### Exercise directions
Return every line from the one with "Photo Credit: Former" through the one with "Comprend la partie", inclusive, exactly as it appears below.

[Information Boundary: Start]

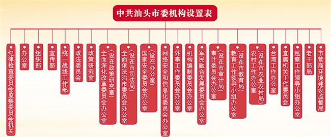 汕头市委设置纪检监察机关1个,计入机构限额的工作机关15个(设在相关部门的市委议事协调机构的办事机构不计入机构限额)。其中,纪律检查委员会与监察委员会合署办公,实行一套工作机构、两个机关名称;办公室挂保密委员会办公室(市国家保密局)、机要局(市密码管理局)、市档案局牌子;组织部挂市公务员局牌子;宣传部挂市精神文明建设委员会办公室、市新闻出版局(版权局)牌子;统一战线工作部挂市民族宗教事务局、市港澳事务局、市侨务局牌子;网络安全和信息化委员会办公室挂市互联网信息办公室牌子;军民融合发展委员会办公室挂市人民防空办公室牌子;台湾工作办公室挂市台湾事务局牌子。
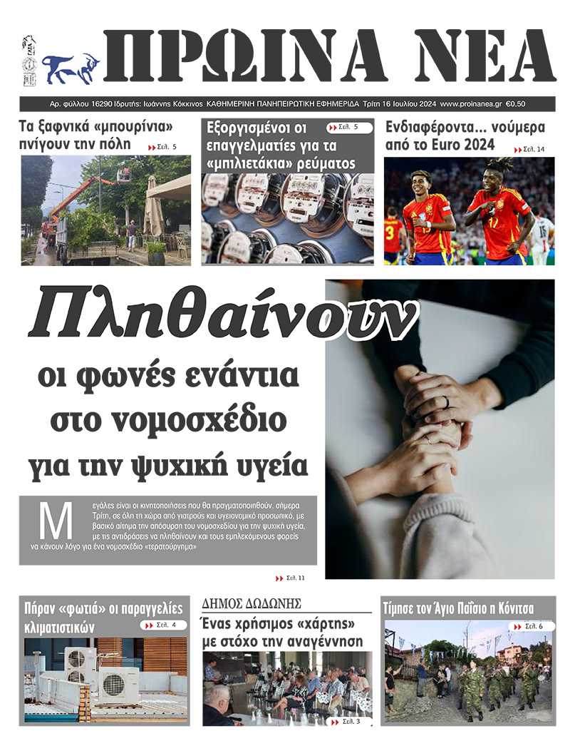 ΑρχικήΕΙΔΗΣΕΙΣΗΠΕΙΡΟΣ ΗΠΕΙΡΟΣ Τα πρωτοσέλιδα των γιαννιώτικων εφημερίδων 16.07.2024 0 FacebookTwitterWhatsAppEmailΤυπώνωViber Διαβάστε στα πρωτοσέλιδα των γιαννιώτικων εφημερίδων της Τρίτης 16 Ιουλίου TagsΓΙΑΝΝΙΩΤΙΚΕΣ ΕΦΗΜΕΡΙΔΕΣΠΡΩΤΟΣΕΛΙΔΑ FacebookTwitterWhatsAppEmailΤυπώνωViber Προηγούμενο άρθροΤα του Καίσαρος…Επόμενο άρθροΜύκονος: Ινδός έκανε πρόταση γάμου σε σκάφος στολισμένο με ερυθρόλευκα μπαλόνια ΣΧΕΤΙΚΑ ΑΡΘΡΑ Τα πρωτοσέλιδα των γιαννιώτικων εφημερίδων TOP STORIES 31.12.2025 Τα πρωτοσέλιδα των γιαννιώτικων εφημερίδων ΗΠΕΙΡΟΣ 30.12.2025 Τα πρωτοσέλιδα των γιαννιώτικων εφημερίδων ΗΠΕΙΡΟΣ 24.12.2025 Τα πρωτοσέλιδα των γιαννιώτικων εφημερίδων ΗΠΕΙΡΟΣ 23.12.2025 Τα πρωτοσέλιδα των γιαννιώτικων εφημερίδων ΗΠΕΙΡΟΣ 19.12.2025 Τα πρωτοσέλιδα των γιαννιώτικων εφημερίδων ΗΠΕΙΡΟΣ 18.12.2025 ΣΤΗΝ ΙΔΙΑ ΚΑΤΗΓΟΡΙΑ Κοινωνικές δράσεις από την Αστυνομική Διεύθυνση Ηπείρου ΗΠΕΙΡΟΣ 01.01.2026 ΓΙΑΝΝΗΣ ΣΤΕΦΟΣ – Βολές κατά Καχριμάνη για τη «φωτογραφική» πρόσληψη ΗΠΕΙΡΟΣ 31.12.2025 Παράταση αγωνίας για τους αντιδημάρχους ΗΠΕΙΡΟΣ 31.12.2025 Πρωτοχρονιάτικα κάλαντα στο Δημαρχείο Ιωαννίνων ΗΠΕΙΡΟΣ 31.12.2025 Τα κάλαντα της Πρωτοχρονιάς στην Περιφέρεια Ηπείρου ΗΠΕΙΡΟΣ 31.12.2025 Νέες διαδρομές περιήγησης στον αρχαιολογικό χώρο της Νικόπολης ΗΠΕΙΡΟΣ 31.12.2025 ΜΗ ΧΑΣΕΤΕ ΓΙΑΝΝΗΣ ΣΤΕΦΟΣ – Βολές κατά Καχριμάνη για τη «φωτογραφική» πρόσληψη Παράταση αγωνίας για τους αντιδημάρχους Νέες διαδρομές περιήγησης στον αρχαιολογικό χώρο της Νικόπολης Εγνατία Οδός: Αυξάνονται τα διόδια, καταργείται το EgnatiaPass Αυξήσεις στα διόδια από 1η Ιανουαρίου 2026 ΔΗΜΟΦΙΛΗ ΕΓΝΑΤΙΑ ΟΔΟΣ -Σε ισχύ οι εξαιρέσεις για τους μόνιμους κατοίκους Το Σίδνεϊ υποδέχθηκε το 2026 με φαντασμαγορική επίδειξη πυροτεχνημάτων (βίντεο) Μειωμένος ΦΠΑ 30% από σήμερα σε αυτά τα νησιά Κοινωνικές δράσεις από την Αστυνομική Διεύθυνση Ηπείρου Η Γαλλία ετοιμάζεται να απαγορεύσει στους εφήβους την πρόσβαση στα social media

[Information Boundary: End]
[Information Boundary: Start]

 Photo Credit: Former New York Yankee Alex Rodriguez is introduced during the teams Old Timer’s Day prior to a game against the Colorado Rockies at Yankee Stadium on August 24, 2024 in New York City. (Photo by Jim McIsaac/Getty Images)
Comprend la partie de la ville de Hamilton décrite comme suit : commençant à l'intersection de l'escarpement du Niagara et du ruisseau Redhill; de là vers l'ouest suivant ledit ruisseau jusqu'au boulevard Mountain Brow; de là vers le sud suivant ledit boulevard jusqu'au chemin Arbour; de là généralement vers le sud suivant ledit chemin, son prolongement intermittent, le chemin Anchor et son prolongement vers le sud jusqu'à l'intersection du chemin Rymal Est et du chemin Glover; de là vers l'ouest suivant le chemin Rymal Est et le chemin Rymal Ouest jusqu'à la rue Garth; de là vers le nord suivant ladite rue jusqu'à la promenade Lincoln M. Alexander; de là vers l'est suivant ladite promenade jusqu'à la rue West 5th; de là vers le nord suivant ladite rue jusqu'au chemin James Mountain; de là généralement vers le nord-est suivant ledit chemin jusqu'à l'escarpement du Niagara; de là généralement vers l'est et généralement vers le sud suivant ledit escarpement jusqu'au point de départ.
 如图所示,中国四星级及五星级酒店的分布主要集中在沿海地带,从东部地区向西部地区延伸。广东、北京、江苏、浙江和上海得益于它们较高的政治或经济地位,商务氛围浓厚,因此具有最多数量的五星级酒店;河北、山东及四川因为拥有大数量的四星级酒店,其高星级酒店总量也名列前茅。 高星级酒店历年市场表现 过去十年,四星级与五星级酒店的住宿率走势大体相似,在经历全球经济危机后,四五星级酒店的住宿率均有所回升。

[Information Boundary: End]

### Result of the exercise
 Photo Credit: Former New York Yankee Alex Rodriguez is introduced during the teams Old Timer’s Day prior to a game against the Colorado Rockies at Yankee Stadium on August 24, 2024 in New York City. (Photo by Jim McIsaac/Getty Images)
Comprend la partie de la ville de Hamilton décrite comme suit : commençant à l'intersection de l'escarpement du Niagara et du ruisseau Redhill; de là vers l'ouest suivant ledit ruisseau jusqu'au boulevard Mountain Brow; de là vers le sud suivant ledit boulevard jusqu'au chemin Arbour; de là généralement vers le sud suivant ledit chemin, son prolongement intermittent, le chemin Anchor et son prolongement vers le sud jusqu'à l'intersection du chemin Rymal Est et du chemin Glover; de là vers l'ouest suivant le chemin Rymal Est et le chemin Rymal Ouest jusqu'à la rue Garth; de là vers le nord suivant ladite rue jusqu'à la promenade Lincoln M. Alexander; de là vers l'est suivant ladite promenade jusqu'à la rue West 5th; de là vers le nord suivant ladite rue jusqu'au chemin James Mountain; de là généralement vers le nord-est suivant ledit chemin jusqu'à l'escarpement du Niagara; de là généralement vers l'est et généralement vers le sud suivant ledit escarpement jusqu'au point de départ.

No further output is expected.